Experts also aren't sure what's causing the influx of bears, but it's more likely due to reduced hunting pressure than global warming.

(Related: "Bald Eagle, Grizzly: U.S. Icons Endangered No More?")

"There's been a real upswing in numbers," said study leader Robert Rockwell, a population ecologist at the City University of New York.

"We wanted to make the point that this is a new top-end carnivore on the scene."

Grizzly vs. Polar Bear

But speculation about grizzly-polar bear conflicts may be moot, since few polar bears will likely inhabit the northeastern corner of Manitoba—where the grizzlies were seen—by the end of the century. That's because the polar bears will follow Arctic sea ice as it retreats farther north.

"It's unlikely that we will still have polar bears in Wapusk National Park by the end of the century, given the current patterns of sea ice loss in Hudson Bay," said Andrew Derocher, a polar bear biologist at the University of Alberta in Edmonton, Canada.

A recently published model shows sea ice retreating from the area by the year 2050, which will lead to a decline in polar bears, he added. (See pictures of a warming Arctic.)

Even if a grizzly does encounter a polar bear, there likely wouldn't be an major tussle, said study leader Rockwell, whose research appeared in the February 2010 issue of the Canadian Field Naturalist. The journal publishes scientific papers by amateur and professional naturalists and field biologists.

"What top-end carnivores do is ... pretty much stay away from each other, like schoolyard bullies," he said.

There could be a scenario in which polar bear females clash with grizzly males as the females emerge from hibernation.

But in the Beaufort Sea, where University of Alberta's Derocher conducts his fieldwork, the two species den in overlapping areas with no fuss: The grizzly bear males come out of dens about a month after female polar bears have left. (See polar bear pictures.)

"Grolar Bear?"

And what of the prospect of grizzlies and polar bears begetting that epic beast, the "pizzly" or "grolar bear?"

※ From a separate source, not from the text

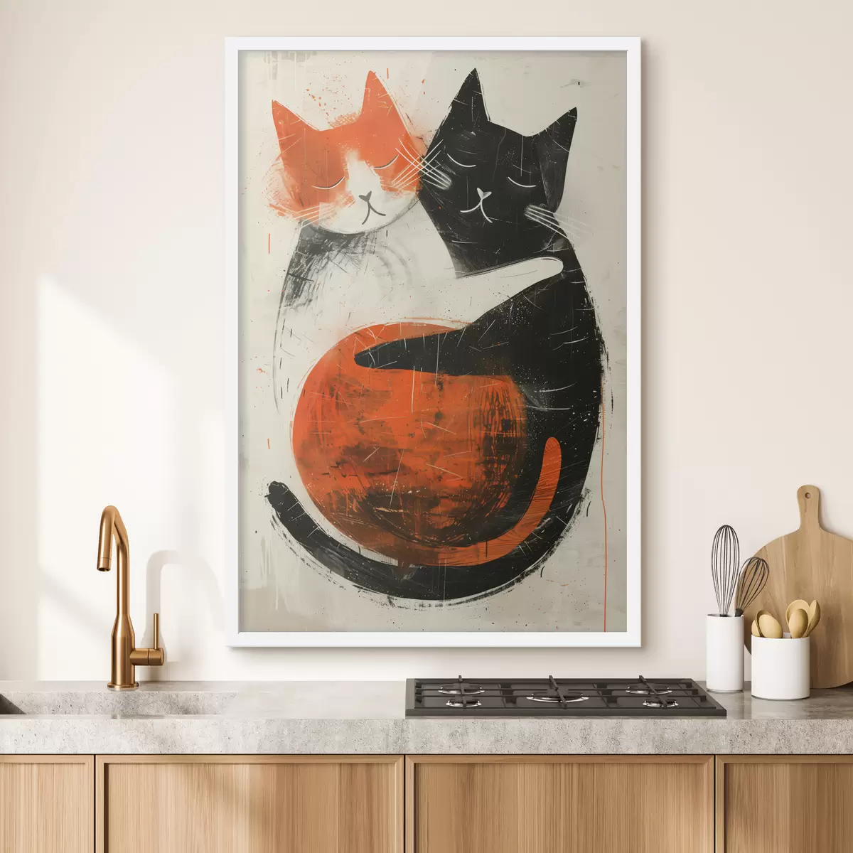 Poster Minimalistische Tuscheillustration von zwei süßen Katzen Nr f39725

To date, scientists know of only one hybridization event in the wild between the two bear species. In 2006 a hunter shot a grizzly-polar bear hybrid in Canada's Northwest Territories.

The possibility of the two species meeting each other "is going to be rare event, and I don't think it's going to be a really big deal," study leader Rockwell said.

However, the arrival of the grizzly may impact the park's ecosystem in other ways. For instance, Rockwell predicts the grizzlies could give polar bears an extra meal or two.

That's because a grizzly would rather abandon its kill than get in a skirmish with its much larger cousin, which can be attracted to the scent of the freshly killed prey. And grizzlies often take down caribou, prey that polar bears aren't fast enough to catch.

Whatever the outcome, Rockwell is curious to see what happens: "It's a neat living laboratory."